*PROMPT*.
Your copy should begin with the line containing "The Dragon Purple", end with the line containing "#Tianjin US Social", match the listing below exactly, and contain no pictures.

+++++

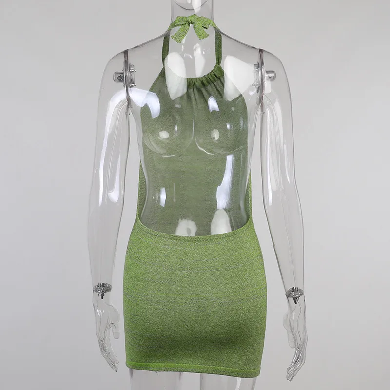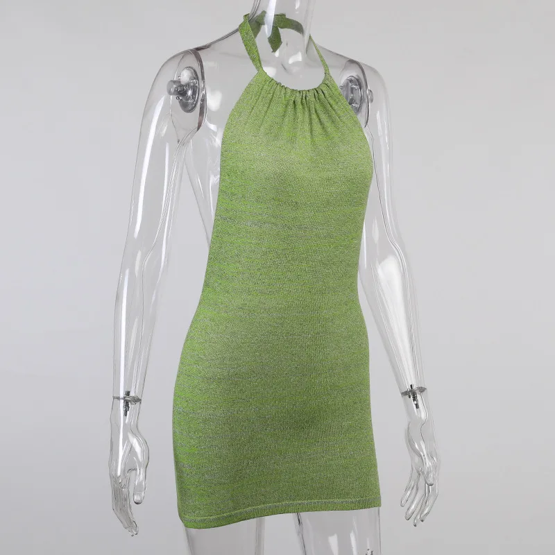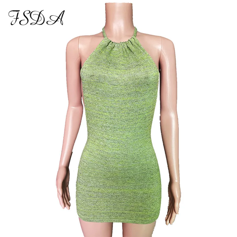 FSDA 2021 Green Backless Mini Dress Beach Women Halter Neck Sleeveless Summer Black Off Shoulder Party Knit Bodycon Dresses Sexy
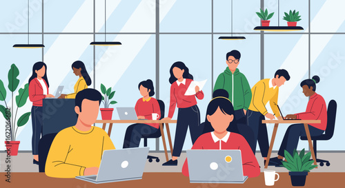 Passengers traveling by city metro train, flat vector illustration. Female and male characters standing, sitting, reading. People commuting to and from work. Modern city public transport.
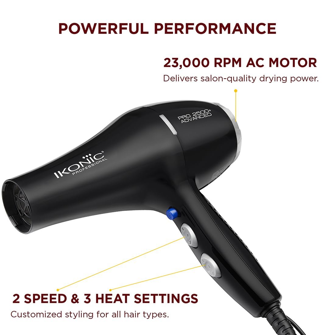 PROFESSIONAL 2500+ ADVANCED HAIR DRYER with dual watts compatibility 2400W-2800W ideal for global setting and Ionic technology for frizz control
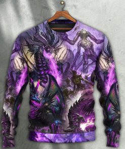 The Dragon Purple Skull Monster Lightning Fight Art Style Christmas Ugly Sweater Sweatshirt is a unique and eye-catching piece of clothing that combines various elements to create a visually striking design. With its vibrant colors and intricate patterns, this sweater is sure to stand out in any crowd. The dragon motif adds a touch of fantasy and adventure, while the lightning accents give it an edgy and dynamic feel. Perfect for the holiday season, this sweater is a playful twist on the traditional Christmas sweater. Its comfortable material and cozy fit make it a great choice for staying warm and stylish during the winter months.
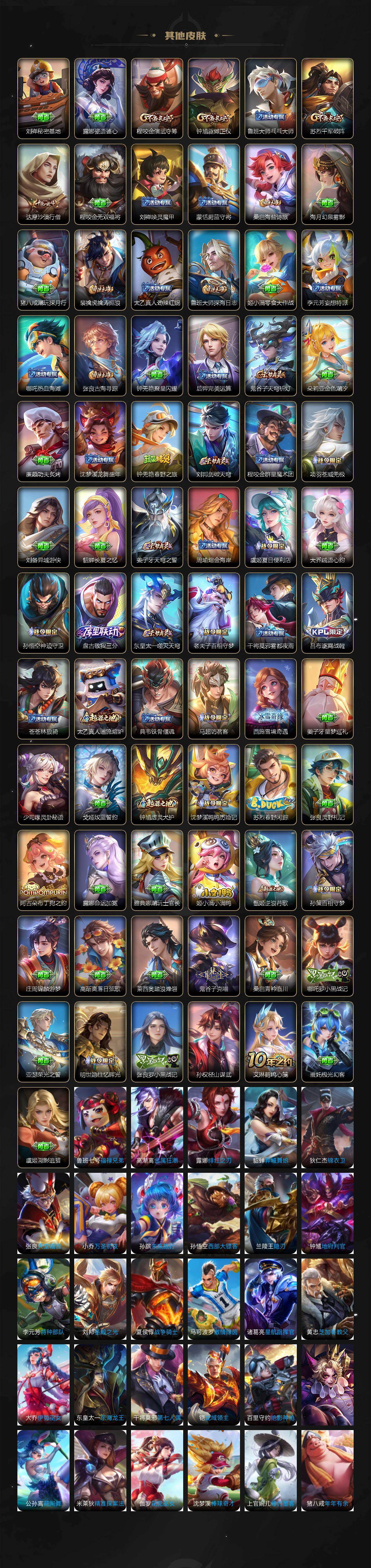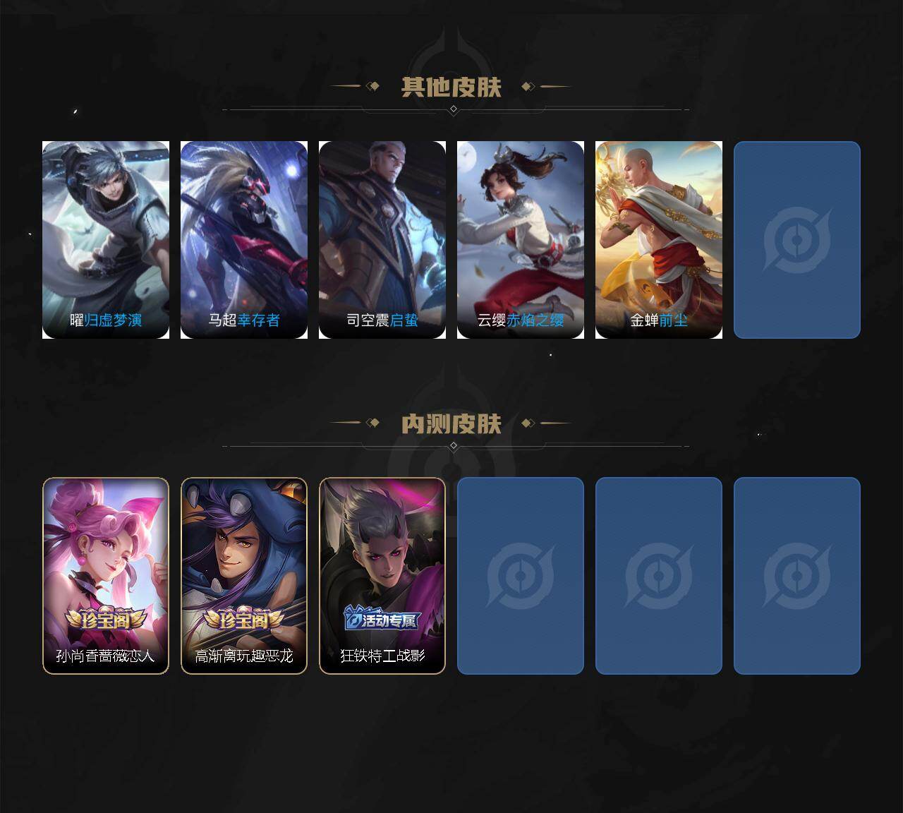 【传说皮肤】:桑启鸣野蒿,貂蝉曦玄引,吕布怒海麟威,赵云淬星耀世,王昭君乞巧织情,铠绛天战甲,虞姬启明星使,李信一念神魔,干将莫邪久胜战神
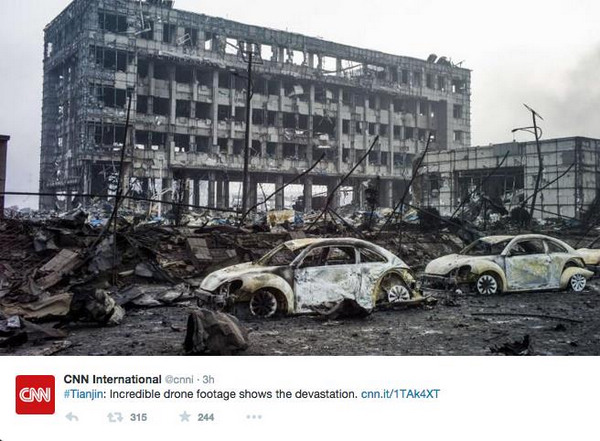 #Tianjin US Social media is full of photos showing the devastation brought on by the Tianjin chemical explosion.
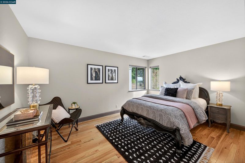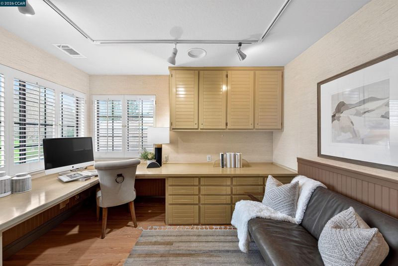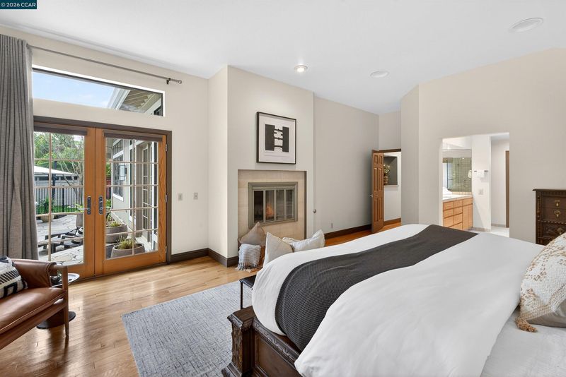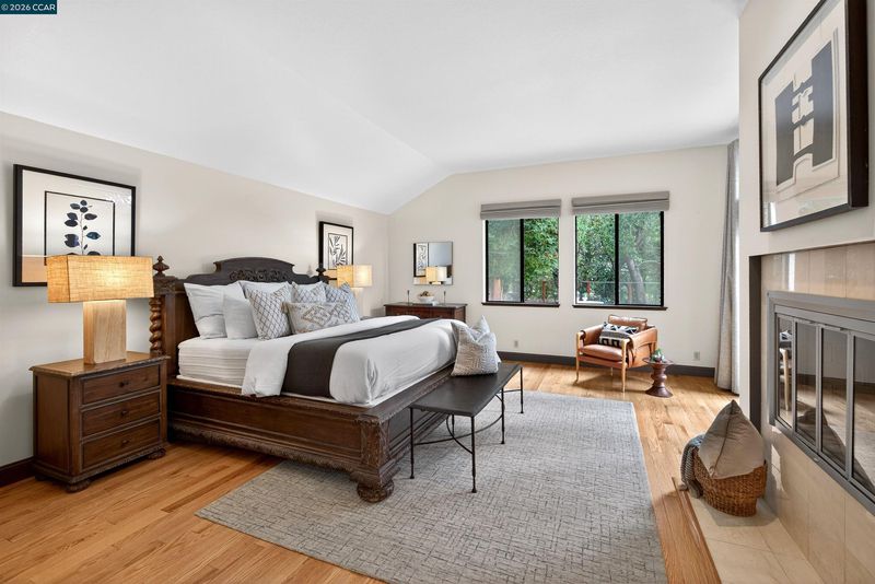 Sophisticated open-concept design & outstanding quality & craftsmanship shines in updated home on scenic Blackhawk cul-de-sac property w/frnt-facing golf course views & bkyd bordering greenbelt, creek. Ultra-pvt .27 acres. 3453+/-SF. 5 bds. 3 updated bths inclds main-level luxurious primary suite w/frpl, outdr access, walk-in closet w/Elfa organizers & main-level guest rm. Gated ctyd Zen-inspired entry. Vaulted ceilings. Clerestories. ¾-in oak plank flrs. Pella French/sliding drs. Fresh int/ext paint. Refinished Alder cabinetry thruout. Recessed lights. Redesigned staircase w/cable railing. Views from most rms. Formal living w/frpl, built-ins. Formal dining rm. Step-down fam rm w/frpl, stone surround, oak beam mantel. Updated galley-style eat-in kitchen w/KitchenAid & Bosch appls, garden window, slider to side patio. 3 bdrms + wkshop w/custom built-ins upstairs. Bkyd sanctuary. Patios. Pool. Spa. Gardens bds. Mature oaks & redwds. Laundry rm w/sink, cabinets. 2-car garage. Epoxy flr. Storage. Dual HVAC. New wtr htr. Nest thermostats. New ext fixtures. Gated country club location near 2 championship golf courses, clubhouses, tennis/pickleball cts, fitness ctr, spts complex. Near top-rated SRVUSD schls, Blackhawk Plaza, downtown, freeways, Mt. Diablo, Livermore Valley Wine Country.

+++++

*REPLY TO THE TASK*.
 The Dragon Purple Skull Monster Lightning Fight Art Style Christmas Ugly Sweater Sweatshirt is a unique and eye-catching piece of clothing that combines various elements to create a visually striking design. With its vibrant colors and intricate patterns, this sweater is sure to stand out in any crowd. The dragon motif adds a touch of fantasy and adventure, while the lightning accents give it an edgy and dynamic feel. Perfect for the holiday season, this sweater is a playful twist on the traditional Christmas sweater. Its comfortable material and cozy fit make it a great choice for staying warm and stylish during the winter months.
 【传说皮肤】:桑启鸣野蒿,貂蝉曦玄引,吕布怒海麟威,赵云淬星耀世,王昭君乞巧织情,铠绛天战甲,虞姬启明星使,李信一念神魔,干将莫邪久胜战神
 #Tianjin US Social media is full of photos showing the devastation brought on by the Tianjin chemical explosion.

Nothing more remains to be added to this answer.